**Task objective:** Your output should be everything below from the line containing "Свитер для женщин" down to the line containing "and Sterols) |", both ends included, copied exactly, with pictures left out.

**Given records:**
-- Opening Marker --

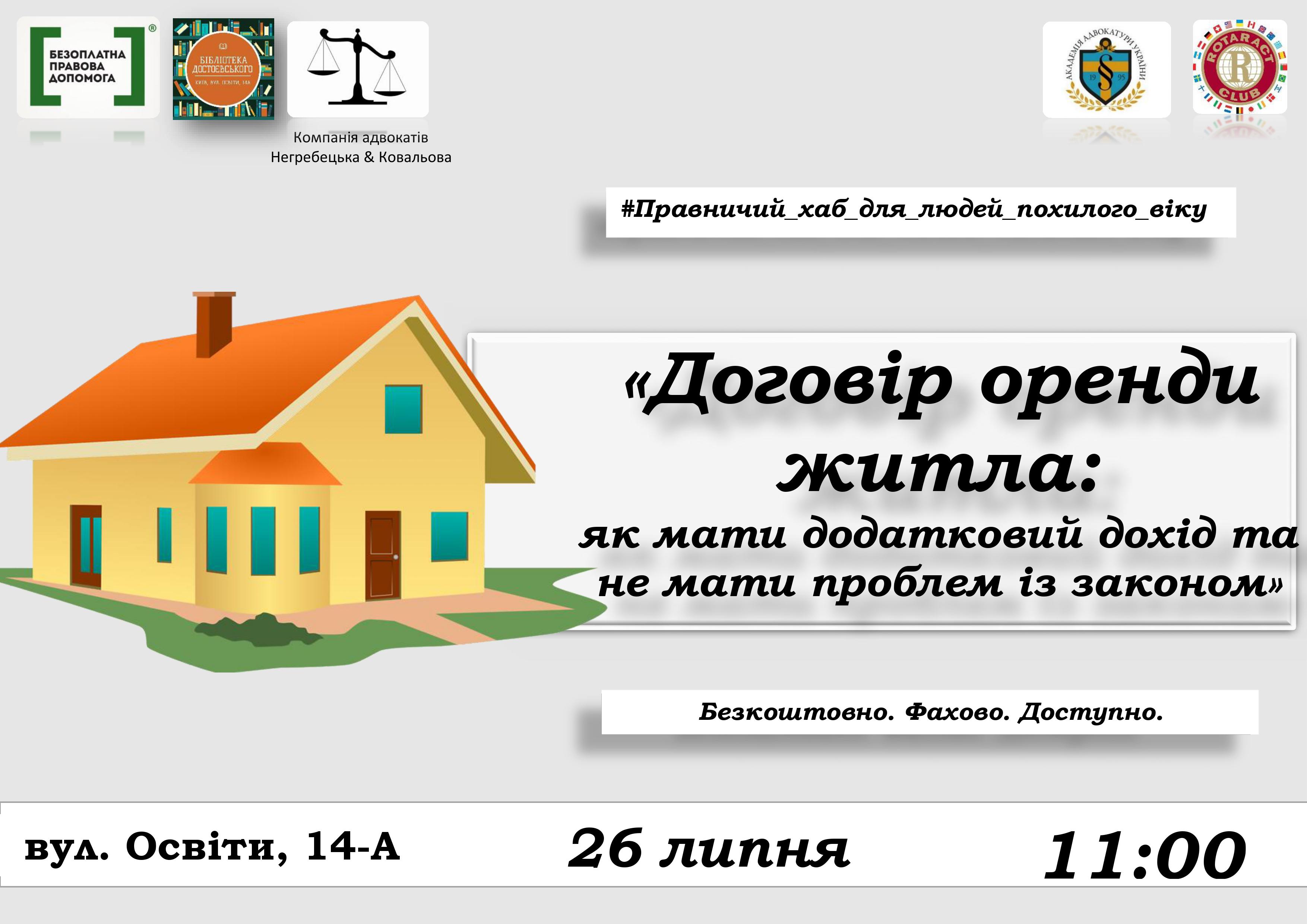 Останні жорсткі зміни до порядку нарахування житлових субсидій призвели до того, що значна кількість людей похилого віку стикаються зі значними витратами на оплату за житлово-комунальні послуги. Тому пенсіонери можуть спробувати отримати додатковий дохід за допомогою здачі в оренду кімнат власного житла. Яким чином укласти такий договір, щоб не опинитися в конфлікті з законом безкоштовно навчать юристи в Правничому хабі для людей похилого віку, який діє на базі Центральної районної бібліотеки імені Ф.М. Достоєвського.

-- Closing Marker --
-- Opening Marker --

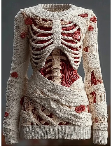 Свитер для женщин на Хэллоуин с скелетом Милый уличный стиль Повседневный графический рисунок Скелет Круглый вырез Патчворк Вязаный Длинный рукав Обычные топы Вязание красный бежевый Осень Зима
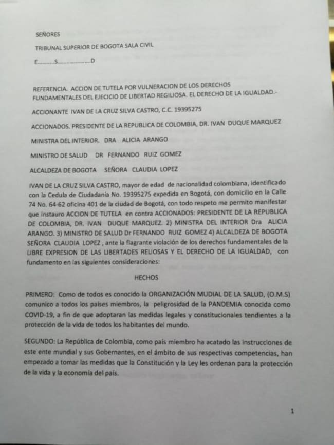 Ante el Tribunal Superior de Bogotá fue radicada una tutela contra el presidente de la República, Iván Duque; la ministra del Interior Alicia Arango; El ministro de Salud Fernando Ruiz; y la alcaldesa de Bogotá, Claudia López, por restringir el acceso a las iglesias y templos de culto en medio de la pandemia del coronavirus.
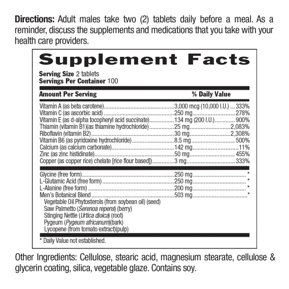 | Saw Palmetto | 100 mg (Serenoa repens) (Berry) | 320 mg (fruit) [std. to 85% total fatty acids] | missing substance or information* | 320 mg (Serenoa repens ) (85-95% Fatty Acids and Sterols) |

-- Closing Marker --

**Output of the task:**
 Свитер для женщин на Хэллоуин с скелетом Милый уличный стиль Повседневный графический рисунок Скелет Круглый вырез Патчворк Вязаный Длинный рукав Обычные топы Вязание красный бежевый Осень Зима
 Ante el Tribunal Superior de Bogotá fue radicada una tutela contra el presidente de la República, Iván Duque; la ministra del Interior Alicia Arango; El ministro de Salud Fernando Ruiz; y la alcaldesa de Bogotá, Claudia López, por restringir el acceso a las iglesias y templos de culto en medio de la pandemia del coronavirus.
 | Saw Palmetto | 100 mg (Serenoa repens) (Berry) | 320 mg (fruit) [std. to 85% total fatty acids] | missing substance or information* | 320 mg (Serenoa repens ) (85-95% Fatty Acids and Sterols) |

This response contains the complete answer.